[Start of section]
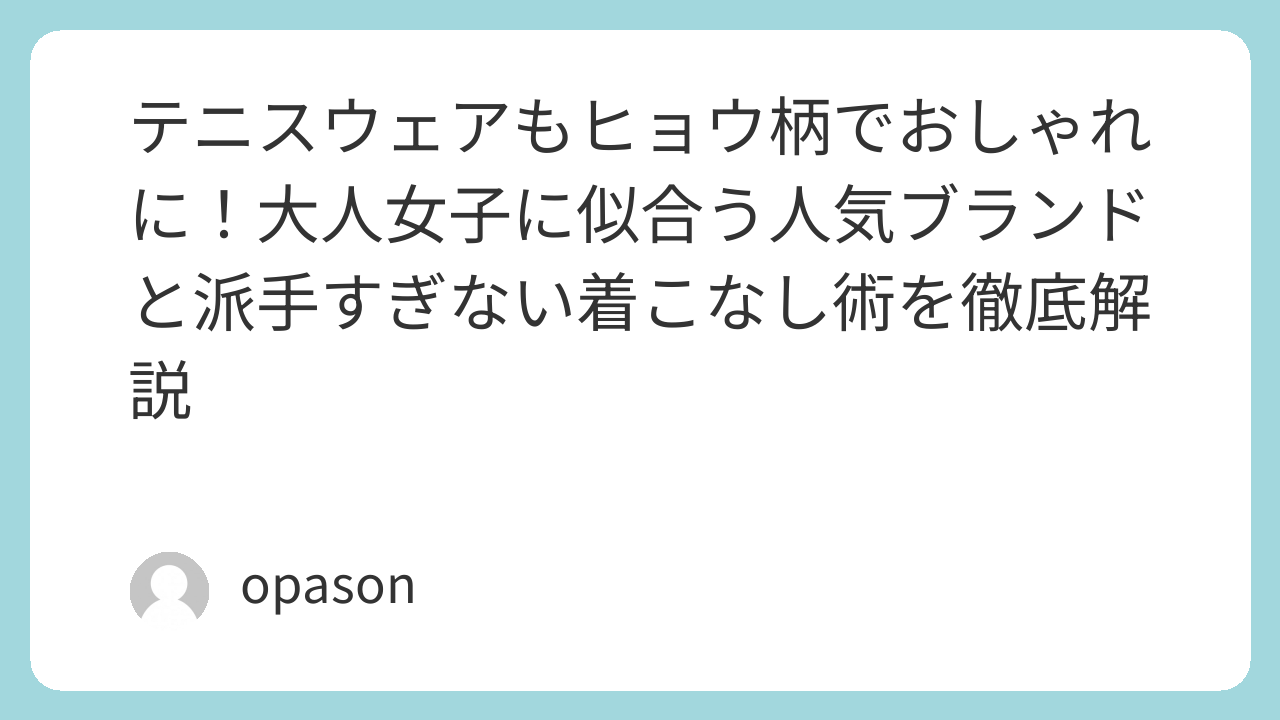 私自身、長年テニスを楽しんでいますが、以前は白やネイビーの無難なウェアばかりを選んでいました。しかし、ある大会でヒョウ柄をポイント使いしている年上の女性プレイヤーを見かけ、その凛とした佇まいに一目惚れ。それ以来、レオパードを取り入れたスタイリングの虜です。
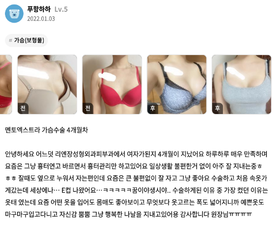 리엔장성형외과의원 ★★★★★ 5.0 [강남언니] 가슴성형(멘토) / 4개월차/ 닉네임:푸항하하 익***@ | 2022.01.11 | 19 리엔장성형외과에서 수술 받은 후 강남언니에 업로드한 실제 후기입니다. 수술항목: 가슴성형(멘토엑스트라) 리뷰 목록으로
[End of section]
[Start of section]
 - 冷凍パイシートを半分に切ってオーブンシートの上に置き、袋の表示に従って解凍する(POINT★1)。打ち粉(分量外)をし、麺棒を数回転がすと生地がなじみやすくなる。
[End of section]
> **Your assignment**: Above is the material; set down exactly its lines from the one containing "私自身、長年テニスを楽しんで" down to the one containing "리엔장성형외과의원 ★★★★★ 5.0", both included, leaving out any pictures.

> **Exercise result**:
 私自身、長年テニスを楽しんでいますが、以前は白やネイビーの無難なウェアばかりを選んでいました。しかし、ある大会でヒョウ柄をポイント使いしている年上の女性プレイヤーを見かけ、その凛とした佇まいに一目惚れ。それ以来、レオパードを取り入れたスタイリングの虜です。
 리엔장성형외과의원 ★★★★★ 5.0 [강남언니] 가슴성형(멘토) / 4개월차/ 닉네임:푸항하하 익***@ | 2022.01.11 | 19 리엔장성형외과에서 수술 받은 후 강남언니에 업로드한 실제 후기입니다. 수술항목: 가슴성형(멘토엑스트라) 리뷰 목록으로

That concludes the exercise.